# Client Level Differential Privacy Federated Learning Example

This example shows how to implement Differential Privacy into the Federated Learning framework. In this case we focus on *client level* privacy which is a more substantial version of instance level DP, where the participation of an entire client's set of data is protected from training dataset membership inference. This example uses the FedAvgM implementation with weighted averaging suggested in Learning Differentially Private Recurrent Language Models along with the adaptive clipping scheme proposed in Differentially Private Learning with Adaptive Clipping. The example uses an accountant specifically tailered to this approach. The clients are Poisson sampled by default.
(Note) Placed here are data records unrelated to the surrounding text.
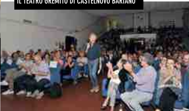
IL TEATRO GREMITO DI CASTELNUOVO BARIANO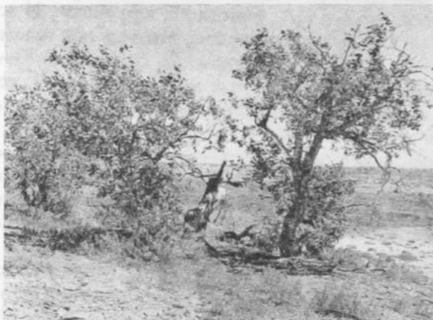
Остатки туранговых рощ

Полуденное солнце беспощадно: то здесь, то там на бескрайних просторах возрождаются миражи и, как в кривом зеркале, по мере нашего приближения к глинам, расплывались и отступали. Утопая в потоках горячего воздуха, красные сопки тряслись, меняя очертания и цветность. Это и был необычный у Озера звенящих колоколов, «инопланетный» пейзаж. Но, по мере приближения, краски холмов, вспышки огней на них мертвели и представлялась совершенно чуждая пониманию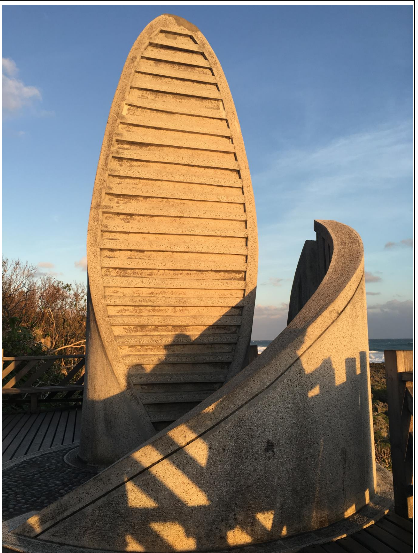
墾丁的尋找最南點之旅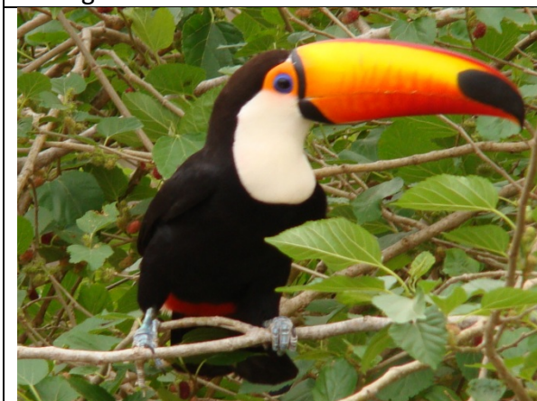
Tucan – Ramphastos toco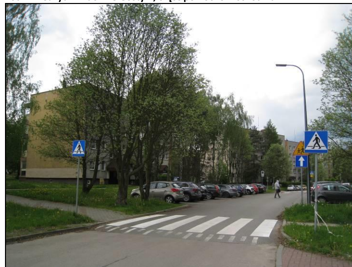
Fot. 8 Zabudowa wielorodzinna w rejonie ul. A. Zgrzebnicka

The example involves collaboratively learning a logistic regression model across multiple hospitals to classify breast cancer given 31 features. The dataset is sourced from [kaggle](https://www.kaggle.com/competitions/breast-cancer-classification/overview). A processed federated version of the dataset is available in the repository.

## Running the Example
In order to run the example, first ensure you have the virtual env of your choice activated and run
```
pip install --upgrade pip
pip install -r requirements.txt
```
to install all of the dependencies for this project.

## Starting Server

The next step is to start the server by running
```
python -m examples.dp_fed_examples.client_level_dp_weighted.server --config_path examples/dp_fed_examples/client_level_dp_weighted/config.yaml
```

## Starting Clients

Once the server has started and logged "FL starting," the next step, in separate terminals, is to start the clients expected by the server. This is done by simply running (remembering to activate your environment)
```
python -m examples.dp_fed_examples.client_level_dp_weighted.client --dataset_path examples/datasets/breast_cancer_data/hospital_#.csv
```
**NOTE**: The argument `dataset_path` has two functions, depending on whether the dataset exists locally or not. If
the dataset already exists at the path specified, it will be loaded from there. Otherwise, the dataset will be
automatically downloaded to the path specified and used in the run.

After the minimum number of clients have been started federated learning should commence.